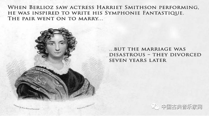 当柏辽兹看到女演员哈里特史密森表演时,他受到启发写下他的Symphonie幻想曲。两人随后结婚......但婚姻是灾难性的 - 七年后他们离婚了。
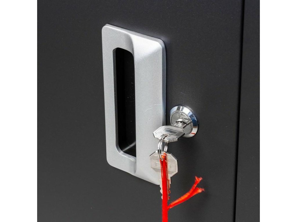 - Megerősített sínek és golyós csúszómechanizmus könnyíti meg a fiókok kihúzását. Minden fiók egyedi zárral is rendelkezik.
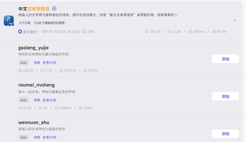 语音或链接方面:这两个部分的生成基本都是要配合大模型和插件协同工作,比如大模型处理文本,插件配合导入飞书文档,最后输出飞书文档的链接给到用户;或者大模型处理文本,插件配合生成音频,甚至现在插件有了新的运用,可以生成一些简单的视频
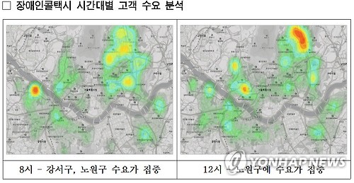 | △ 빅데이터 활용 장애인콜택시 자동배차시스템 개발 (서울=연합뉴스) 서울시와 시 산하 서울시설공단, 카이스트가 지난 5년간의 3억2천만 건 장애인콜택시 운영 빅데이터를 활용해 대기시간을 단축하는 '자동배차시스템'을 개발했다고 20일 밝혔다. 기존에는 상담원이 직접 차량을 배차하는 '수동배차' 방식이었다면, '자동배차시스템'은 똑같이 상담원이 신청을 받되 시스템에서 신청자에 맞는 차량 유무, 접수·대기 순서, 인접거리 내 가까운 차량 등을 종합 분석해 자동으로 차량을 매칭하는 방식이다. 사진은 장애인콜택시 시간대별 고객 수요를 분석한 빅데이터 자료. << 서울시 제공 >> |
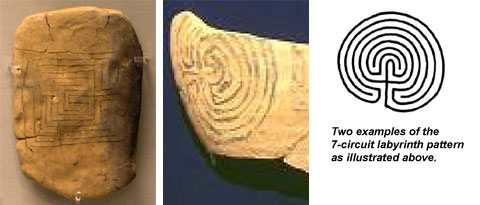 There are two basic labyrinth designs — seven circuit and the eleven circuit. The classical 7-circuit labyrinth pattern is the oldest and most prevalent of the labyrinth designs. The earliest known use of the 7-circuit labyrinth symbol occurs on a clay tablet from the Mycenaean palace at Pylos in Greece. A fire destroyed this palace around 1200 BC, baking the clay tablet and preserving it for archaeologists. It has also been found on pottery from over 2000 years old.
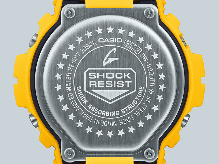 โลโก้ 'SHOCK RESIST' หลังตัวเรือน ล้อมรอบด้วยดาว 30 ดวงเพื่อเฉลิมฉลองครบรอบ 30 ปีของรุ่น 6900

..............................

**Task goal:** Repeat only what lies between the start of the data and the end of the line containing "语音或链接方面:这两个部分的", exactly, with pictures left out.

**Output of the exercise:**
 当柏辽兹看到女演员哈里特史密森表演时,他受到启发写下他的Symphonie幻想曲。两人随后结婚......但婚姻是灾难性的 - 七年后他们离婚了。
 - Megerősített sínek és golyós csúszómechanizmus könnyíti meg a fiókok kihúzását. Minden fiók egyedi zárral is rendelkezik.
 语音或链接方面:这两个部分的生成基本都是要配合大模型和插件协同工作,比如大模型处理文本,插件配合导入飞书文档,最后输出飞书文档的链接给到用户;或者大模型处理文本,插件配合生成音频,甚至现在插件有了新的运用,可以生成一些简单的视频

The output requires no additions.